Si vous êtes au chômage, ou si vous avez bénéficié au cours des 12 derniers mois d’une allocation de l’ASSEDIC, c'est votre activité salariée avant l'indemnisation chômage (moyenne des salaires, dans la limite du plafond de la sécurité sociale, des 3 mois qui précèdent la date d'effet de rupture du contrat de travail) qui détermine les règles d'attribution et de calcul de votre indemnité journalière paternité. Il vous faudra aussi transmettre à la Caisse d’assurance maladie votre certificat de travail et vos 3 derniers bulletins de salaire, l’avis d’admission à l’allocation ASSEDIC ainsi que la dernière attestation de versement de cette allocation. Les indemnités journalières seront soumises à la CSG (-6.2 %) et à la CRDS (-0.5 %).

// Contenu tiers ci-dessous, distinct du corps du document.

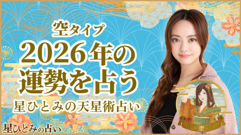 星ひとみが天星術で占う空タイプの2026年の総合運、恋愛運、結婚運、仕事運、金運、ラッキーカラー、ラッキーストーン、開運行動、相性の良い天星タイプなどを徹底解説します。
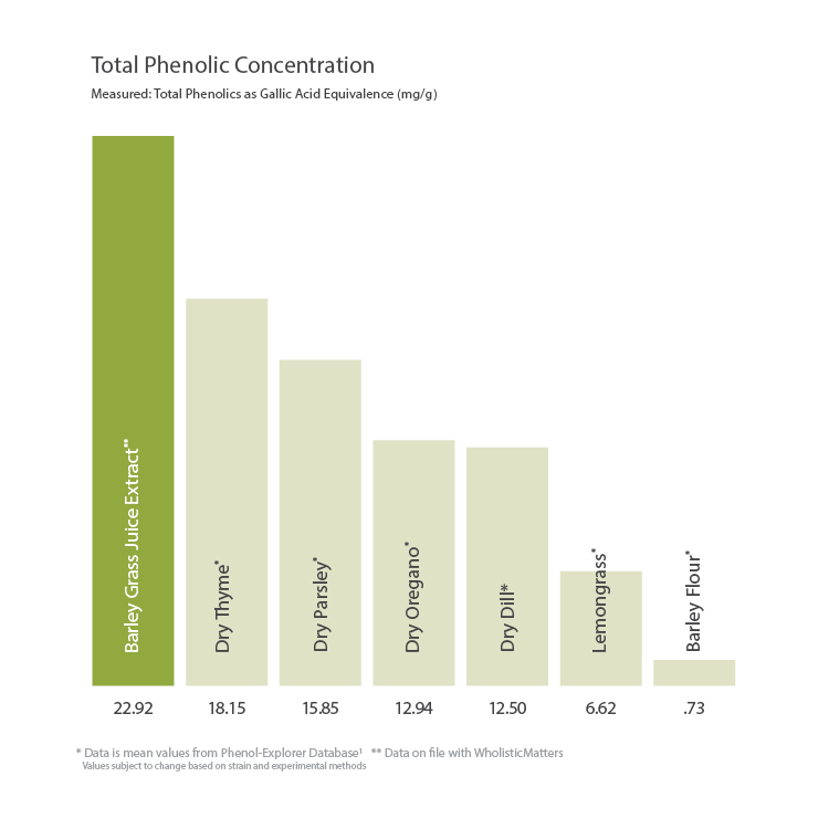 Measured: Total Phenolics as Gallic Acid Equivalence (mg/g).

Si vous travaillez de façon ponctuelle ou saisonnière il vous faudra aussi justifier de 10 mois au moins d’immatriculation, en tant qu’assuré social, à la date du début de votre congé. De plus, vous devrez avoir travaillé au moins 800 heures ou avoir cotisé au moins l’égal de 2 030 fois le SMIC horaire (8.44 €), au cours de l'année précédant la date du début du congé paternité. Votre indemnité journalière sera calculée sur base de la moyenne des salaires (toujours en tenant compte du plafond de la sécurité sociale), que vous aurez perçus au cours des 12 mois qui précèdent le début de votre congé de paternité. Les indemnités journalières seront soumises à la CSG (-6.2 %) et à la CRDS (-0.5 %).
Pour les pères non salariés, les indemnités journalières versées seront quand à elles forfaitaires et égales à 1/60 au plafond de la sécurité sociale (ici aussi comme pour les mères). Les indemnités journalières seront soumises à la CSG (-6.2 %) et à la CRDS (-0.5 %), comme c’est le cas pour les indemnités journalières maternité.
Si vous êtes salarié et que votre rémunération dépasse le plafond de la sécurité sociale, il vous faudra négocier avec votre employeur la possibilité qu’il prenne à sa charge le manque à gagner éventuel afin de vous permettre de maintenir l’intégralité de votre salaire pendant le congé de paternité. Pour les fonctionnaires, le financement par la branche famille sera également limité au plafond de la sécurité sociale, mais l’administration complétera l’indemnisation.
Vous ne pouvez pas cumuler votre indemnité avec les indemnités journalières versées pour un arrêt de travail en cas de maladie ou d'accident du travail, l'allocation parentale d'éducation à taux plein, l'allocation de présence parentale, l'indemnisation par l'assurance chômage ou le régime de solidarité.
Pour finir, le congé de paternité s’applique aussi dans le cas d’une adoption. Les pères adoptant un enfant auront donc accès à un congé supplémentaire, en tenant compte des particularités du congé d’adoption, sous réserve des droits existants. S’il est partagé entre les parents adoptants, le congé d’adoption est prolongé de 11 jours dans des conditions qui préservent l’égalité de traitement entre les adoptions et les naissances. Le congé d’adoption peut désormais être utilisé à compter du début de la semaine qui précède l’arrivée de l’enfant au foyer.